Continue your research

Continue your research

Need a structured compliance framework for your orthotics practice? Pabau’s HIPAA compliance resources help practices build coverage criteria checklists and audit-ready documentation workflows.

Managing billing across multiple therapy specialties? HIPAA compliance for medical offices covers the documentation and data security requirements that DME and orthotics practices need to meet alongside their billing obligations.

Need the bigger picture on physical therapy billing? Physical therapy billing: CPT codes, units and Medicare rules covers the CPT and Medicare fundamentals that pair with orthosis billing in rehab settings.

Frequently Asked Questions

What is HCPCS code L1846 used for?

HCPCS code L1846 is used to bill for a custom-fabricated knee orthosis with a double upright, thigh and calf support, an adjustable flexion and extension joint, and medial-lateral and rotation control. It is classified as durable medical equipment (DME) and is billed as a lump-sum purchase under Medicare and most payers. The code applies specifically to devices constructed from raw materials to fit a specific patient, not to prefabricated devices modified at the time of fitting.

What is the difference between L1845 and L1846?

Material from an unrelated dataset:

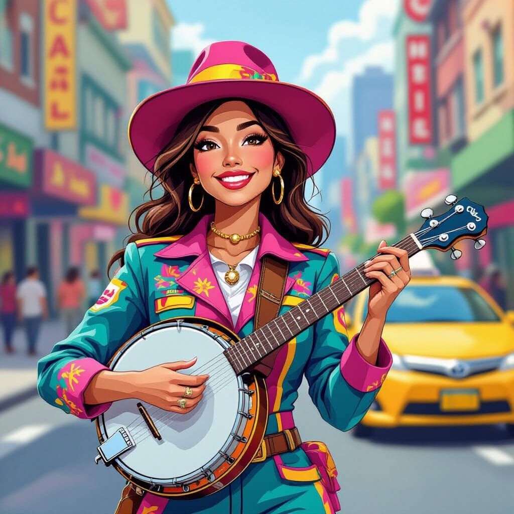A vibrant caricature of a female taxi driver playing a banjo in a bustling city street. The illustration features exaggerated features and bold lines, reminiscent of cartoon and comics art.

L1845 is the prefabricated version of the same knee orthosis described by L1846. Both codes share the same clinical descriptor (double upright, adjustable flexion/extension joint, medial-lateral and rotation control), but L1845 covers a device that was manufactured in standard sizes and customized at the time of fitting, while L1846 covers a device constructed from scratch to the patient’s specific measurements. Using L1846 when the device was actually prefabricated is a common audit finding and claim denial trigger.

What documentation is required to bill L1846?

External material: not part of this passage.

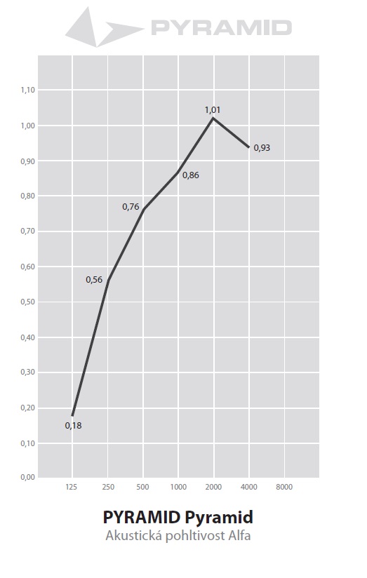 Akustický molitan Zvýhodnená cena balenia 4 kusov. Akustická pena Pyramída (M) ponúka účinné a atraktívne riešenie akustiky miestnosti vo forme penových panelov s ihličkovým vzorom s rozmermi 50 x 50 cm a hrúbkou 7 cm. Ide o jeden z najobľúbenejších vzorov, ktorý je vhodné kombinovať s iným vzorom na väčších plochách, ak chcete dosiahnuť lepší efekt. Akustická absorpčná účinnosť tohto panelu sa prejavuje v útlme najmä pri stredných a vyšších frekvenciách. Pyramídové akustické panely sú ideá

Billing L1846 requires a written physician order, clinical notes establishing medical necessity, an ICD-10-CM diagnosis code from the approved group in Policy Article A52465, evidence that the device was custom fabricated (measurements, cast, or scan records and a fabrication log), a detailed description of any modifications made and why they were necessary, delivery confirmation signed by the beneficiary, and documentation meeting the applicable Medicare coverage pathway (recent injury/surgery, documented knee instability, or tibiofemoral osteoarthritis), plus the custom-fabrication necessity criterion for custom-fabricated devices.

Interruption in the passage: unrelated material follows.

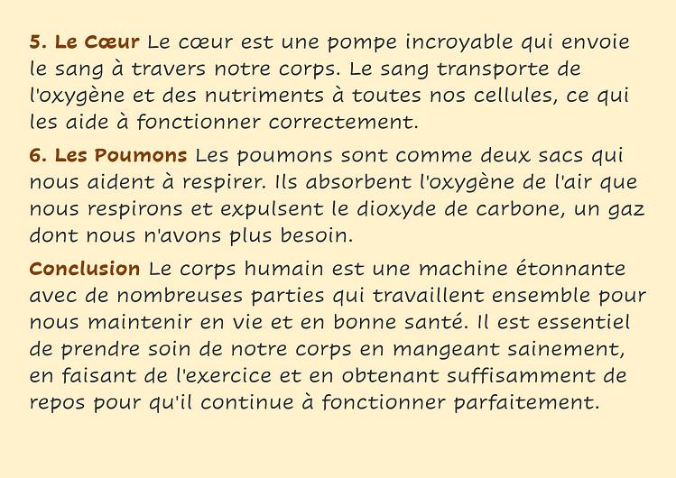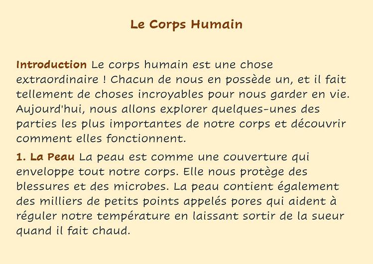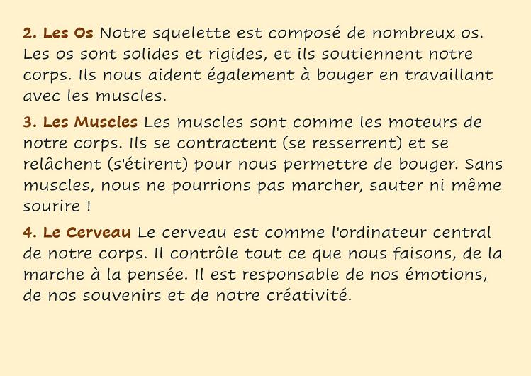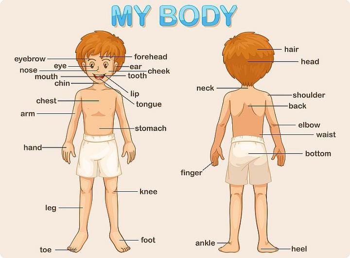 Essaye de traduire en français les mots anglais désignant différentes parties de ton corps

What are the coverage paths for L1846 under Medicare?

Medicare covers the knee orthosis (KO) code family, including L1846, through three base pathways under LCD L33318 and Policy Article A52465: recent injury or surgical procedure on the knee (path 1); ambulatory status with objectively documented knee instability, shown by a test such as a varus/valgus stress test or Drawer test (path 2); and, effective January 25, 2026, ambulatory status with medial or lateral tibiofemoral osteoarthritis causing pain and mobility loss, a device with varus/valgus adjustment, and documented patient willingness to wear it, with no laxity test required (path 3). Custom-fabricated L1846 must also meet the general custom-fabrication necessity criterion – a documented physical characteristic that makes a prefabricated device clinically inadequate – layered on top of whichever base pathway applies.

Is L1846 covered by Medicare?

Yes, L1846 is covered by Medicare when the claim meets one of the coverage pathways defined in LCD L33318 and Policy Article A52465, the diagnosis code falls within the approved ICD-10-CM code groups, and the documentation package satisfies DME MAC requirements. Claims that lack sufficient fabrication documentation, use a diagnosis code outside the approved group, or fail to clearly establish the applicable coverage path will be denied as not reasonable and necessary.

What ICD-10 codes support medical necessity for L1846?

The ICD-10-CM codes that support L1846 medical necessity are defined in the Group 3 section of Policy Article A52465. Common categories include knee ligament injuries and instability, post-surgical knee conditions, tibia and femur fractures, osteoarthritis with functional impairment, and neuromuscular conditions causing knee instability. Practices should verify the current approved code list directly in the CMS Medicare Coverage Database, as the approved groups are updated with each annual HCPCS revision.